Understanding Vehicle Financing
With prices
averaging more than $30,000 for a new
vehicle and $20,000 for a four-year-old
vehicle, most consumers need financing or
leasing to acquire a vehicle. In some cases,
buyers use "direct lending:" they obtain a
loan directly from a finance company, bank
or credit union. In direct lending, a buyer
agrees to pay the amount financed, plus an
agreed-upon finance charge, over a period of
time. Once a buyer and a vehicle dealership
enter into a contract and the buyer agrees
to a vehicle price, the buyer uses the loan
proceeds from the direct lender to pay the
dealership for the vehicle. Consumers also
may arrange for a vehicle loan over the
Internet.
The most common
type of vehicle financing, however, is
"dealership financing." In this arrangement,
a buyer and a dealership enter into a
contract where the buyer agrees to pay the
amount financed, plus an agreed-upon finance
charge, over a period of time. The
dealership may retain the contract, but
usually sells it to an assignee (such as a
bank, finance company or credit union),
which services the account and collects the
payments.
For the vehicle
buyer, dealership financing offers:
1. Convenience
- Dealers offer buyers vehicles and
financing in one place.
2. Multiple
financing relationships - The dealership's
relationships with a variety of banks and
finance companies mean they can offer buyers
a range of financing options.
3. Special
programs - From time to time, dealerships
may offer manufacturer-sponsored, low-rate
programs to buyers.
This booklet
explains dealership financing and can serve
as a guide as you evaluate your own
financial situation before you finance a new
or used vehicle.
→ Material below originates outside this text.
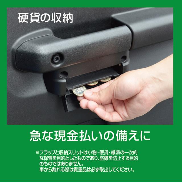 ●フラップを開けるとコイン(500 円硬貨×3枚)や紙幣が入れられる「収納スリット」付きです。
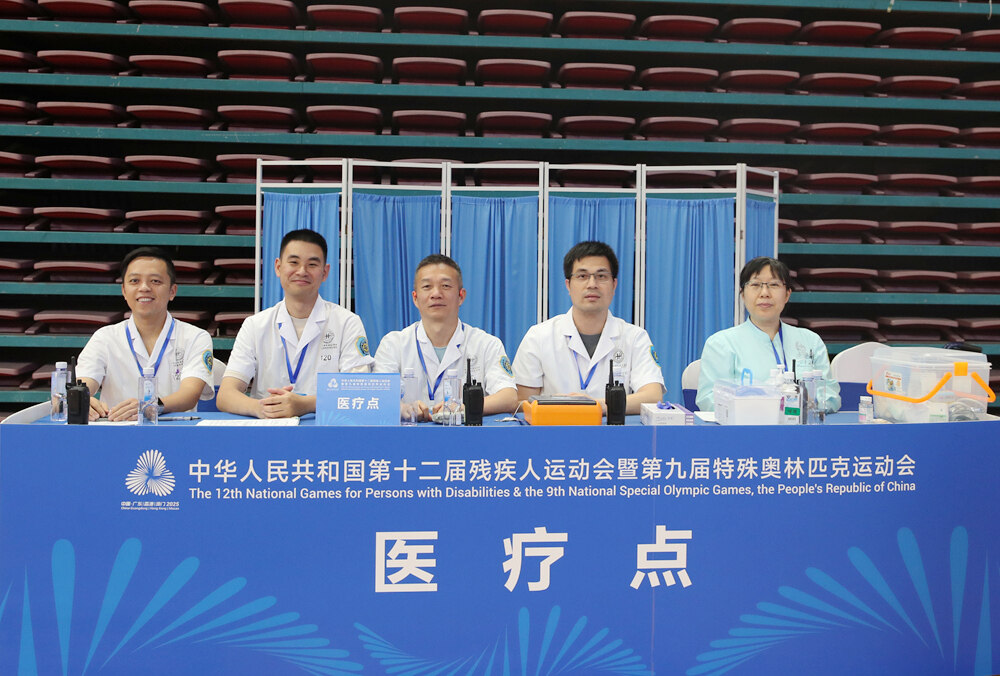 醫(yī)護人員為全國第十二屆殘疾人運動會暨第九屆特殊奧林匹克運動會大眾跳繩測試賽保駕護航。

It will also help you
understand vehicle leasing.
BEFORE YOU
ARRIVE AT A DEALERSHIP
Do some research:
-
Determine how much you can afford to finance and spend on a monthly payment.
-
Get a
copy of your credit report
so you are aware of what creditors will
see. Errors or accurate negative
information can impact your ability to get
credit and/or your finance rate.
-
Identify your
transportation needs.
-
Check auto
buying guides, the Internet and other
sources to find out the price range and
other information for the vehicle you want
to buy.
-
Compare current
finance rates being offered by contacting
various banks, credit unions or other
lenders. Compare bank quotes and dealer
quotes; there may be restrictions on the
most attractive rates or terms from any
credit source.
WHAT
HAPPENS WHEN YOU APPLY FOR FINANCING
Most dealerships
have a Finance and Insurance (F&I)
Department, which provides one-stop shopping
for financing. The F&I Department manager
will ask you to complete a credit
application. Information on this application
may include: your name; Social Security
number; date of birth; current and previous
addresses and length of stay; current and
previous employers and length of employment;
occupation; sources of income; total gross
monthly income; and financial information on
existing credit accounts.
The dealership will
obtain a copy of your credit report, which
contains information about current and past
credit obligations, your payment record and
data from public records (for example, a
bankruptcy filing obtained from court
documents). For each account, the credit
report shows your account number, the type
and terms of the account, the credit limit,
the most recent balance and the most recent
payment. The comments section describes the
current status of your account, including
the creditor's summary of past due
information and any legal steps that may
have been taken to collect.
Dealers typically
sell your contract to an assignee, such as a
bank, finance company or credit union. The
dealership submits your credit application
to one or more of these potential assignees
to determine their willingness to purchase
your contract from the dealer.
These finance
companies or other potential assignees will
usually evaluate your credit application
using automated techniques such as credit
scoring, where a variety of factors, like
your credit history, length of employment,
income and expenses may be weighted and
scored.
Since the bank,
finance company or credit union does not
deal directly with the prospective vehicle
purchaser, it bases its evaluation upon what
appears on the individual's credit report
and score, the completed credit application,
and the terms of the sale, such as the
amount of the down payment. Each finance
company or other potential assignee decides
whether it is willing to buy the contract,
notifies the dealership of its decision and,
if applicable, offers the dealership a
wholesale rate at which the assignee will
buy the contract, often called the "buy
rate."
Your dealer may be
able to offer manufacturer incentives, such
as reduced finance rates or cash back on
certain models. You may see these specials
advertised in your area. Make sure you ask
your dealer if the model you are interested
in has any special financing offers or
rebates. Generally, these discounted rates
are not negotiable, may be limited by a
consumer's credit history, and are available
only for certain models, makes or model-year
vehicles.
When there are no
special financing offers available, you can
negotiate the annual percentage rate (APR)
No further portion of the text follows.